Primary immunodeficiency diseases are those in which some part of the immune system is dysfunctional or absent altogether. For an immune disorder to be considered primary, the immune dysfunction itself must be the underlying cause of disease. This means, for example, that the immune dysfunction cannot have been caused by medications or other disorders. Consequently, the majority of primary immune disorders are genetic disorders that are diagnosed in very young children.

In most types of primary immunodeficiency disorder, the main symptoms are a result of the immune dysfunction itself. There are several types of primary immune disorder, however, and symptoms can vary somewhat. Primary immune disorders differ in terms of the part of the immune system which is dysfunctional, and this affects which kind of symptoms appear.


Around half of primary immunodeficiency disorders are caused by lack of functional antibodies. One example is x-linked agammaglobulinemia, also known as XLA. This x-linked recessive disorder affects male children, while women with the defective gene are carriers. Children born with XLA are protected for the first few months of life by antibodies provided by their mother in utero and in breast milk. Once this protection dissipates they begin suffering from recurrent bacterial infections, and are also at risk of secondary complications such as meningitis.

In contrast, chronic granulomatous disease is a type of primary immunodeficiency disease caused by the inability of phagocytes to kill organisms once they have been ingested. Children with this disorder suffer from recurrent infections of very specific types. In particular, they are vulnerable to pneumonia, skin abscesses and skin infections, and infections of the bone marrow and blood.

Another type of primary immunodeficiency affects the complement cascade, a molecular chain reaction which is triggered by bacterial infection and results in the formation of complement proteins. These molecules, in conjunction with antibodies, help kill invading bacteria. The complement cascade itself is a relatively minor part of the immune system, and as a consequence many people are not diagnosed with complement deficiencies until after they reach adulthood. People with this type of immunodeficiency retain fully functional T cells and B cells, and are protected from most infections. In some cases, they may be vulnerable to certain types of diseases, including bloodborne infections.

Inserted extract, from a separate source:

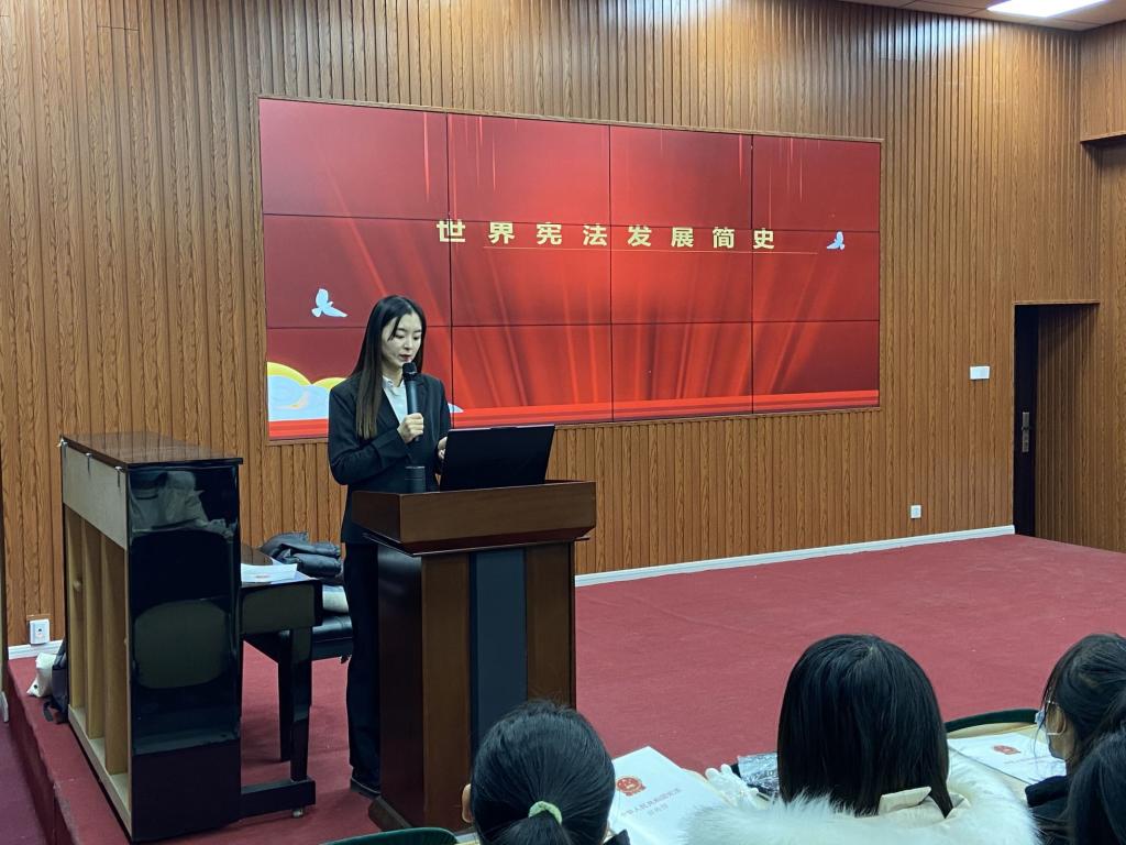 截止12月18日,宣讲队先后到马克思主义学院、外国语学院、文学与新闻学院、美术学院、教师教育学院等院系班级、宿舍开展了现场宣讲。宣讲通过知识讲解、展示图片、领学原文、座谈交流、赠送宣传册等方式,向同学们普及了“宪法概念与起源、世界宪法发展、近现代中国宪法、《中华人民共和国宪法》”四个方面的基本概念和知识,重点宣传了我国宪法的主要内容与核心价值理念。

There are eight different classes of primary immune disorder, and more than 120 different conditions which fall into one of these categories. Each class of disorder tends to require different treatment, due to the involvement of diverse parts of the immune system. XLA, for example, is successfully treated with regular doses of protective antibodies to boost passive immunity to infection. Chronic granulomatous disease is often treated with prophylactic antibiotics, while some types of complement deficiency do not require any treatment.

Very severe immune disorders can be treated with stem cell transplants. This treatment is normally reserved for diseases such as severe combined immunodeficiency. People with this disorder have no functional T cells or B cells, and are vulnerable to virtually all types of infection. Other types of primary immunodeficiency can be treated in this way, including XLA, but stem cell treatment is not often carried out on people with XLA unless other treatment options fail.